Is there a block equivalent to cub::DeviceSegmentedReduce

One possible approach:

Given a value array:

{0, 2, 1, -2, 0, 3, 4}

and a flag array which marks the end of each segment (inclusive):

{0, 1, 1, 0, 1, 0, 1}

we could perform an ordinary prefix sum on the value array:

{0, 2, 3, 1, 1, 4, 8}

and then compute the segment sum results by subtracting values at the flag positions:

prefix sum:                {0, 2, 3, 1, 1, 4, 8}
flags:                     {0, 1, 1, 0, 1, 0, 1}
segment sums:              {   2, 1,   -2,    7}

it might not be obvious how to get to the segment sums. You could do a typical parallel stream-compaction operation on the prefix sums, selecting the values indicated in the flag array. Then do an adjacent difference, prepending 0 to the stream-compacted array.

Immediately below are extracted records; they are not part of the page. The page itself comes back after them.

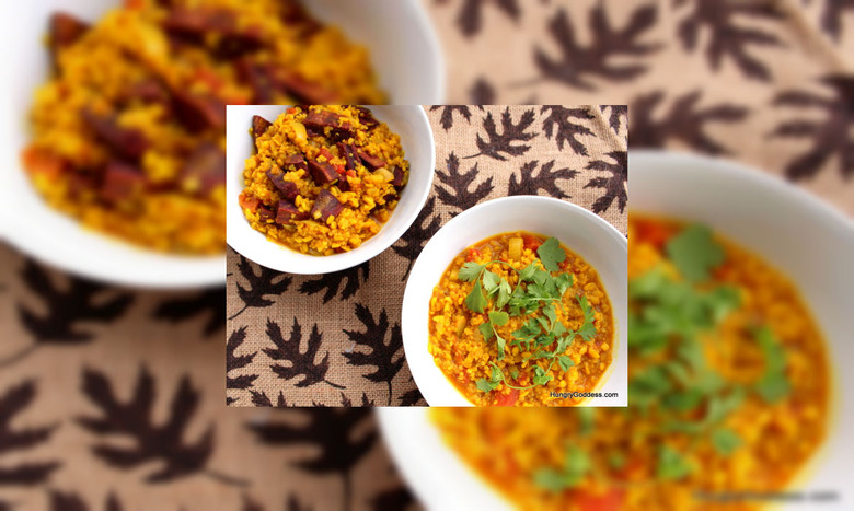 Get ready for a new comfort food to enter your world — khichuri! Looking for a healthful bowl of delicious that your body and palate will love? Traditional Indian khichuri is made with rice, moong dal (yellow split moong beans), turmeric, and coriander that is then cooked to a dish resembling risotto without the cheese. You can add veggies or additional spices per your taste. I swapped out quinoa for the rice with no problem, but you could also use basmati rice. — The Hungry Goddess
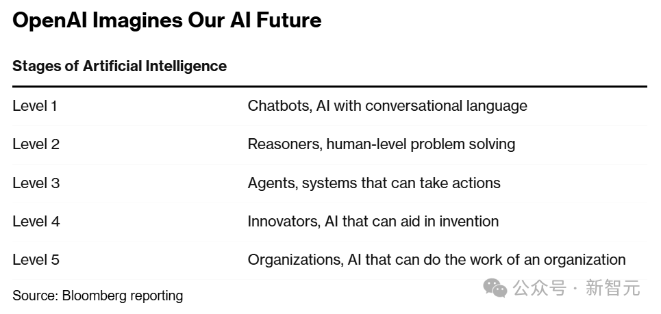 从图中明显可以看出,OpenAI将最终抵达AGI终点,划分了五大等级:
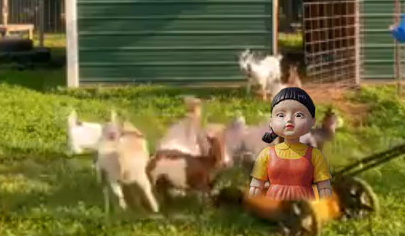 Mais quand même, prendre le temps de poser son téléphone, ne cadrer ni la tondeuse, ni la cabane, se douter que les chèvres vont s'échapper horizontalement plutôt que verticalement...
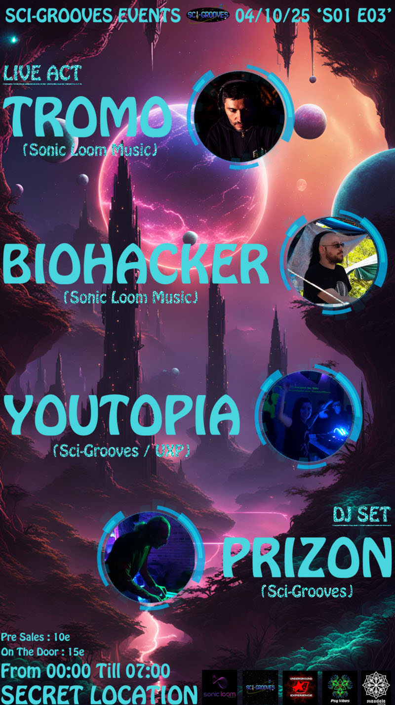 Embracing the mysterious, atmospheric, experimental and nocturnal sound, we invite listeners on a journey beyond the usual boundaries of sound. With each note, we aim to convey our dedication and passion for electronic sound. Welcome to Sci-Grooves, where the dark magic of music comes alive.
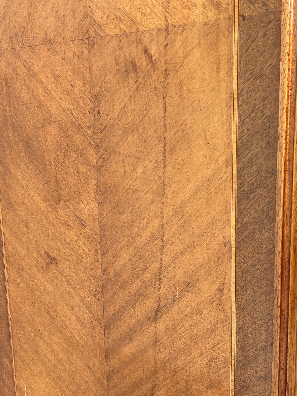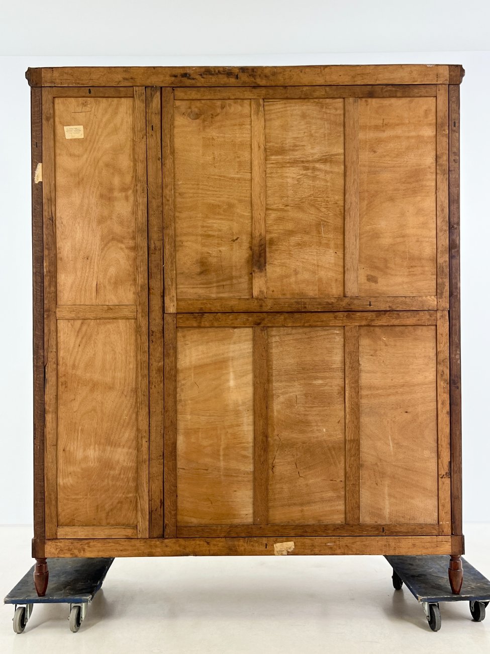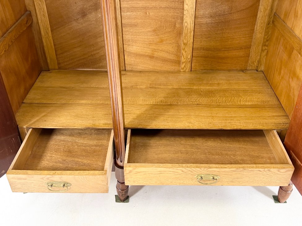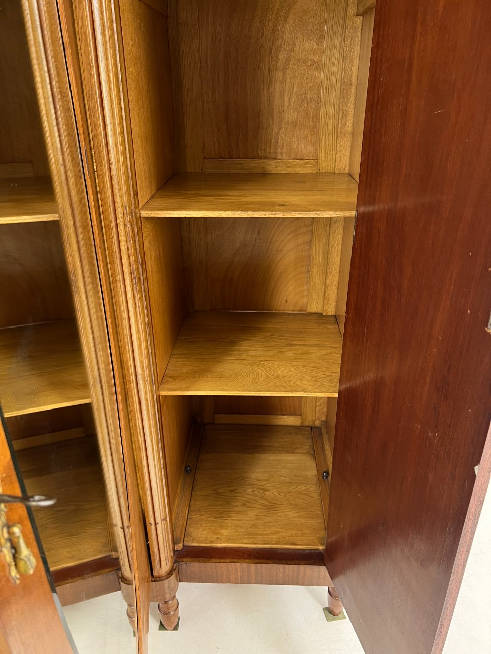 Riešutmedžio ir raudonmedžio lukšto rūbų spinta su veidrodžiu.
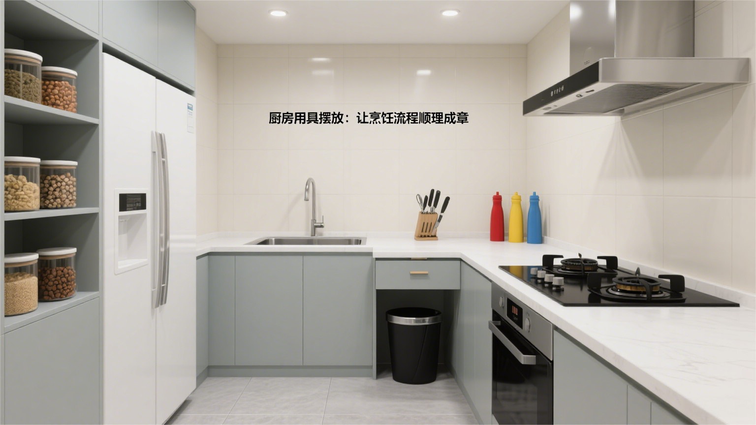 厨房用具摆放需遵循烹饪流程与使用频率:取料区(干货、冰箱、米桶)就近集中;清洗区(削皮工具、沥水篮、垃圾桶)围绕水槽布局;切配区(刀具、砧板)兼顾安全与顺手;烹调区(炊具、调料)触手可及;盛装区(碗碟、消毒柜)靠近清洗区。合理摆放让烹饪更高效顺畅。
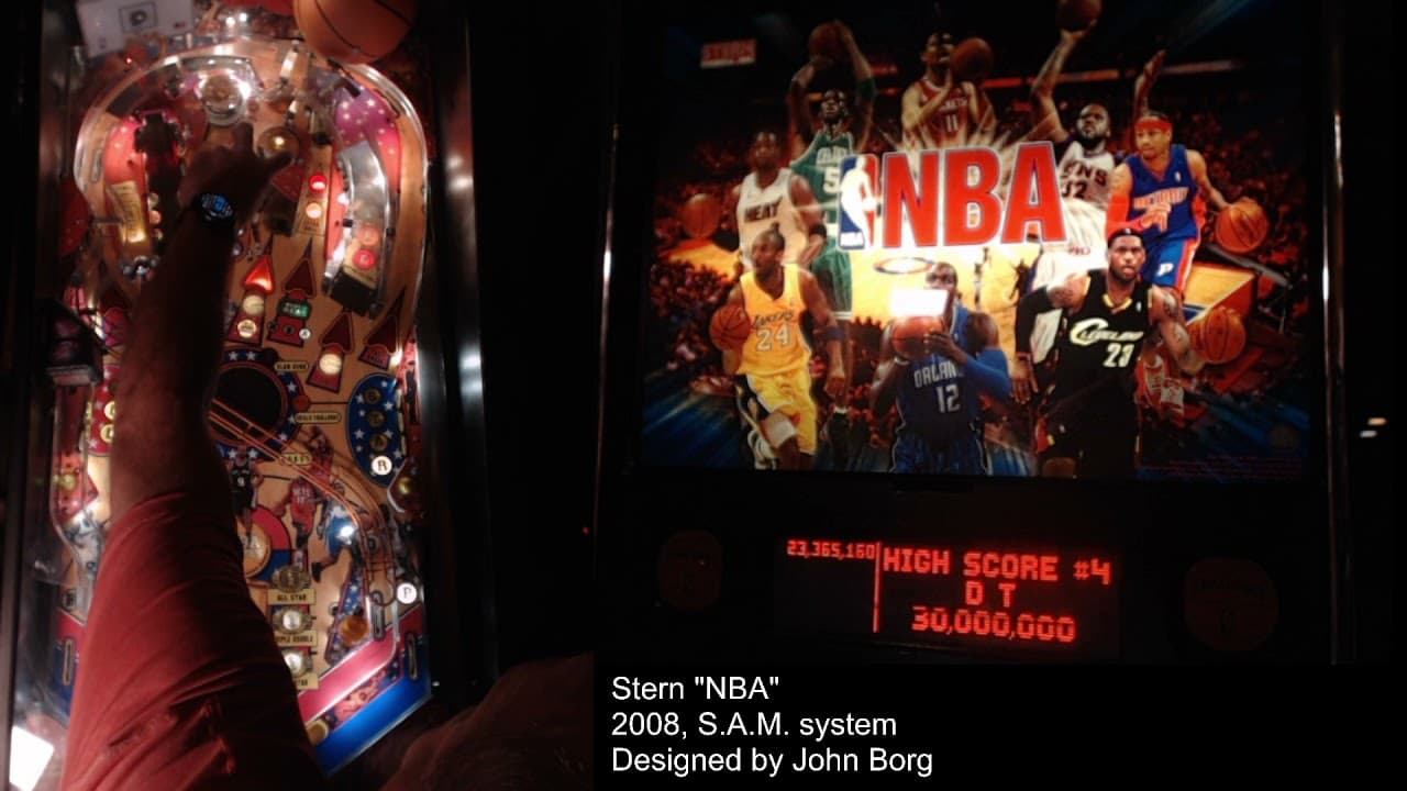 The "NBA" pinball machine by Stern Pinball, released in 2009, is themed around basketball and designed by Gary Stern, Ray Tanzer, and John Borg. This game features two flippers, nine standup targets, a spinning disc, and a unique ramp system that shoots the ball towards a hoop.

prefix sum:                {0, 2, 3, 1, 1, 4, 8}
flags:                     {0, 1, 1, 0, 1, 0, 1}
stream-compacted:          {2, 3, 1, 8}
prepend 0:                 {0, 2, 3, 1, 8}
adjacent diff:             {   2, 1,-2, 7}

Therefore, given a parallel prefix sum implementation at the block level (which cub provides) and using it for both the values prefix-sum as well as the stream compaction op, that could be a roadmap to create a block-level segmented sum using other “primitives” - prefix sum, indexed copy, and adjacent difference.

striker159 may know of a more elegant approach